§ Items from a dataset:
######
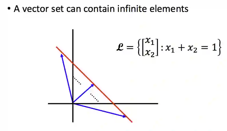 如果S中包含一个非零向量,那么其张成的空间是一条直线:
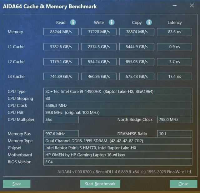 暗影精灵10采用了英特尔最新14代酷睿HX处理器,型号为i9-14900HX。由于是全新一代处理器,所以软件识别并不完全准确。i9-14900HX的规格非常给力,拥有与桌面14代i9相同的24核心32线程,由8个性能核和16个能效核组成,最高睿频可达5.8GHz,三级缓存36MB,默认TDP为55W。相比上一代i9-13900HX,i9-14900HX的睿频更高。
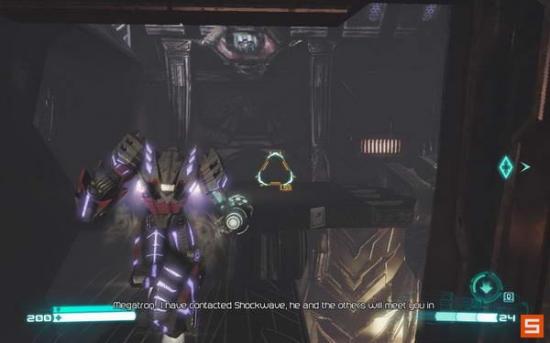 最后按Q将小机器人派遣到左边的废坑之中,跳到最上面的平台将威震天的头颅扔下
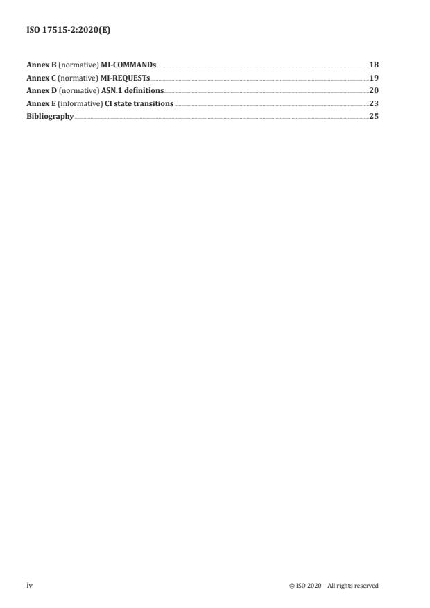 - Conformance statements, test methods, normative annexes with CI parameters, ASN.1 definitions, MI messages and state transition guidance.
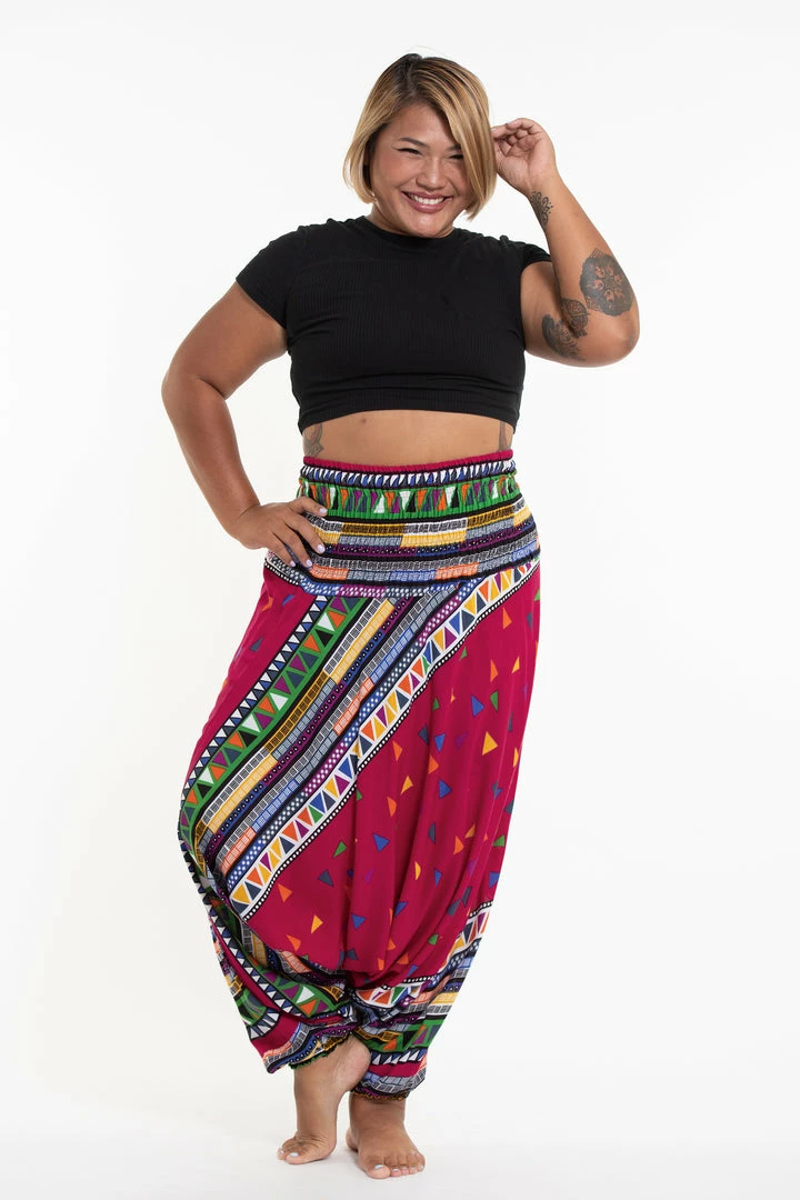 HaremPants.com Plus Size Triangles Drop Crotch Women’s Harem Pants In Pink
######
§ TASK DIRECTIONS:
Return only the lines from the one containing "- Conformance statements, test" through the last line of the entries above, exactly as written and without pictures.

§ RESULT BELOW:
 - Conformance statements, test methods, normative annexes with CI parameters, ASN.1 definitions, MI messages and state transition guidance.
 HaremPants.com Plus Size Triangles Drop Crotch Women’s Harem Pants In Pink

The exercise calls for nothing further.